▶ **Work instructions**
Omitting the pictures, print every line below exactly as it stands.

▶ **Information supplied**

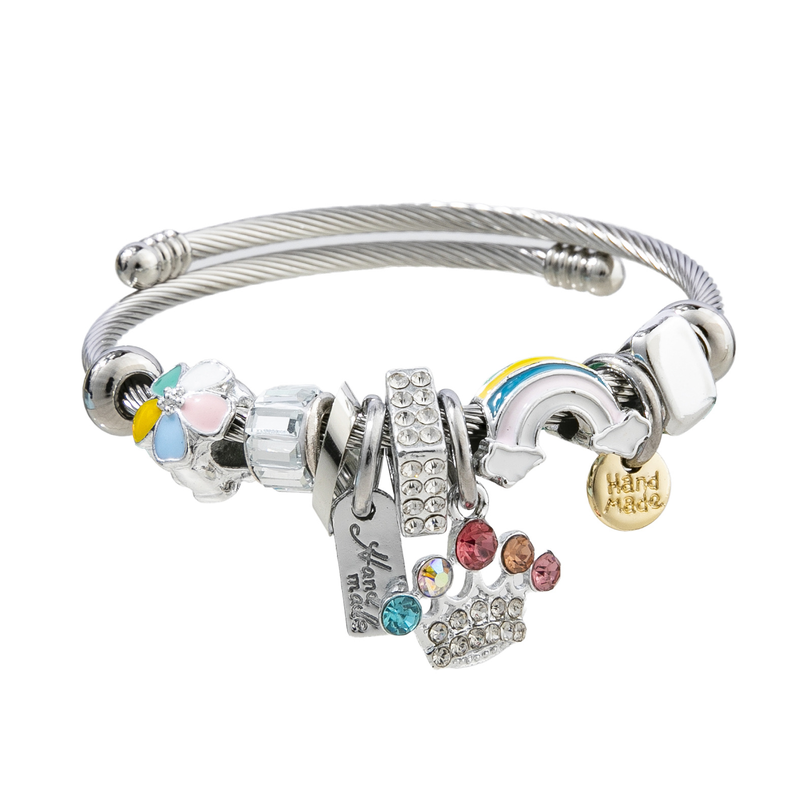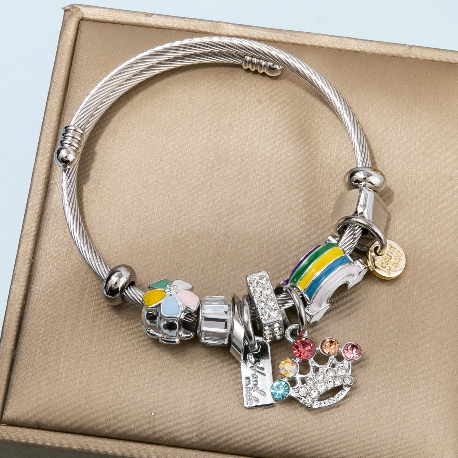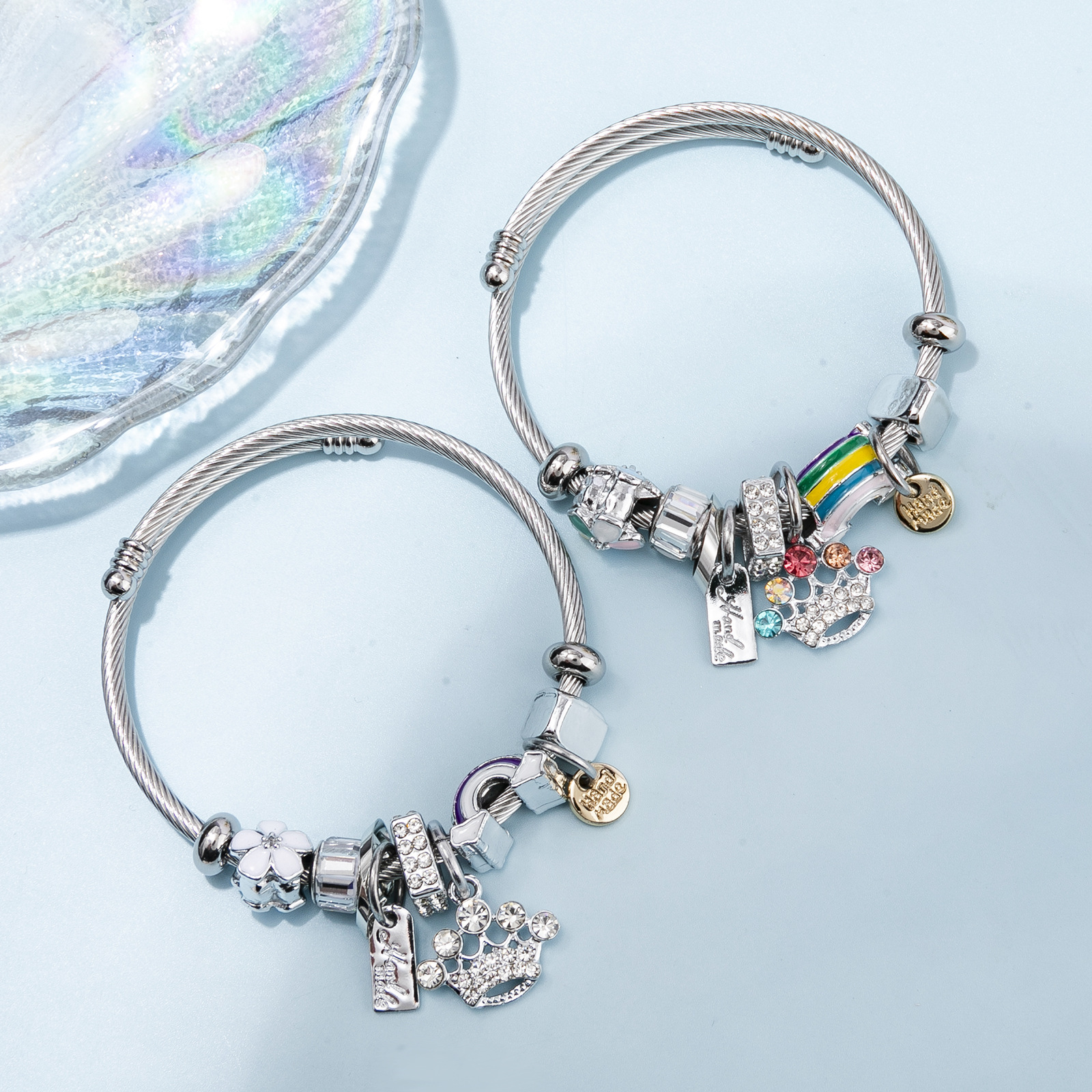 European Bracelet, 304 Cruach dhosmálta, le Sinc Alloy, Corónach, plátáilte, Inchoigeartaithe & jewelry faisin & do bhean & cruan & le rhinestone, dathanna níos mó le haghaidh rogha, diameter about:5.5cm, Díolta De réir PC
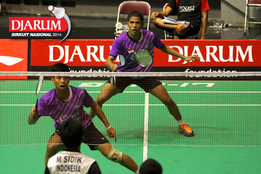 Krishna Adi/Richard Kuncoro (Jaya Raya Suryanaga) mengembalikan shuttlecock ke arah Gea Kamahamas/Giovani Dicky (Exist).
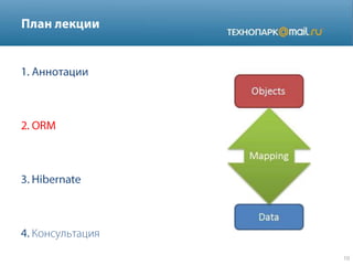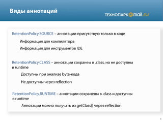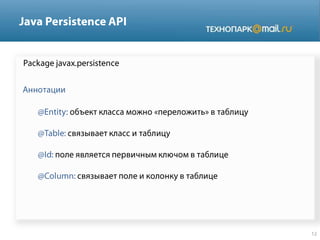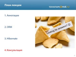 Документ представляет собой технический обзор различных аспектов языка программирования Java, включая аннотации, управление сессиями с использованием Hibernate, основы многопоточности, обработку исключений и работу с базами данных через JDBC. В нем перечислены ключевые особенности, такие как классы, типы данных, коллекции и принципы работы игрового сервера. Также рассматриваются вопросы сериализации, подписки на события и структура сообщений в системах.

▶ **Solution to the exercise**
 European Bracelet, 304 Cruach dhosmálta, le Sinc Alloy, Corónach, plátáilte, Inchoigeartaithe & jewelry faisin & do bhean & cruan & le rhinestone, dathanna níos mó le haghaidh rogha, diameter about:5.5cm, Díolta De réir PC
 Krishna Adi/Richard Kuncoro (Jaya Raya Suryanaga) mengembalikan shuttlecock ke arah Gea Kamahamas/Giovani Dicky (Exist).
 Документ представляет собой технический обзор различных аспектов языка программирования Java, включая аннотации, управление сессиями с использованием Hibernate, основы многопоточности, обработку исключений и работу с базами данных через JDBC. В нем перечислены ключевые особенности, такие как классы, типы данных, коллекции и принципы работы игрового сервера. Также рассматриваются вопросы сериализации, подписки на события и структура сообщений в системах.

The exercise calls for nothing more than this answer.